**Exercise:**
Please write out every line of the listing without alteration, but omit the images.

**Stored data:**
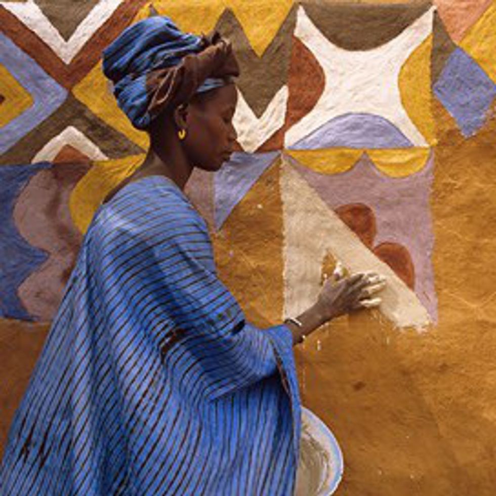 To me, these photos are specifically beautiful because you see these women putting in work to make these beautiful pieces of art while, at the same time, you see them putting in work in other ways, like carrying children on their backs or large pails. It serves to show that these women are dynamic and rounded and they have complexities beyond what we are seeing. The women make the medium with which they create the art using natural pigments from plants or clay. These pictures/paintings are often washed away in the rainy season.
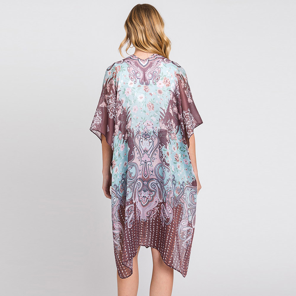Trayed Trim Open Front Tweed Poncho Cardigan
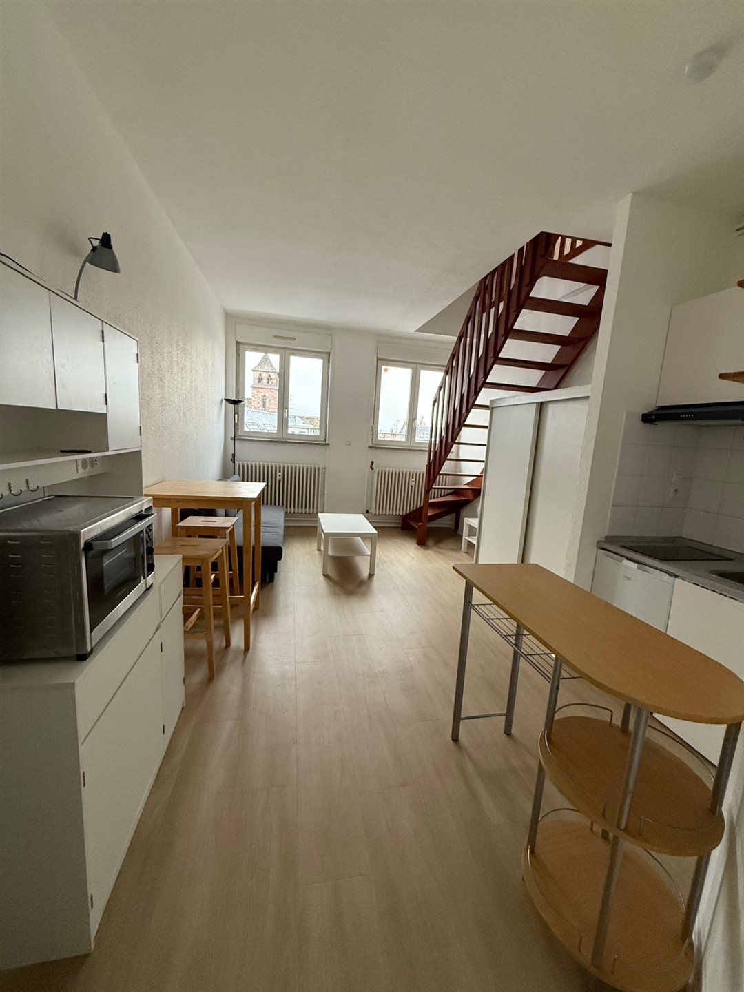 Strasbourg - rue du 22 Novembre - très beau duplex meublé de 39m2 habitable, qui vient tout juste d'être rénové et remeublé. Il est situé au 5ème étage avec ascenceur et se compose d'un séjour avec kitchenette équipée et à l'étage un espace chambre et un espace nuit ainsi qu'un salle de bain avec baignoire et WC. Pour plus de renseignements et pour une visite, contactez Valérie Loyer : 800€ + 90€ de charges comprenant le chauffage et l'eau froide. Honoraires d'agence : 507 € (à la charges locataires dont 117€ d'état des lieux) Dépôt de garantie : 2 mois de loyer hors charges soit 1600€

**Solution for this problem:**
 To me, these photos are specifically beautiful because you see these women putting in work to make these beautiful pieces of art while, at the same time, you see them putting in work in other ways, like carrying children on their backs or large pails. It serves to show that these women are dynamic and rounded and they have complexities beyond what we are seeing. The women make the medium with which they create the art using natural pigments from plants or clay. These pictures/paintings are often washed away in the rainy season.
Trayed Trim Open Front Tweed Poncho Cardigan
 Strasbourg - rue du 22 Novembre - très beau duplex meublé de 39m2 habitable, qui vient tout juste d'être rénové et remeublé. Il est situé au 5ème étage avec ascenceur et se compose d'un séjour avec kitchenette équipée et à l'étage un espace chambre et un espace nuit ainsi qu'un salle de bain avec baignoire et WC. Pour plus de renseignements et pour une visite, contactez Valérie Loyer : 800€ + 90€ de charges comprenant le chauffage et l'eau froide. Honoraires d'agence : 507 € (à la charges locataires dont 117€ d'état des lieux) Dépôt de garantie : 2 mois de loyer hors charges soit 1600€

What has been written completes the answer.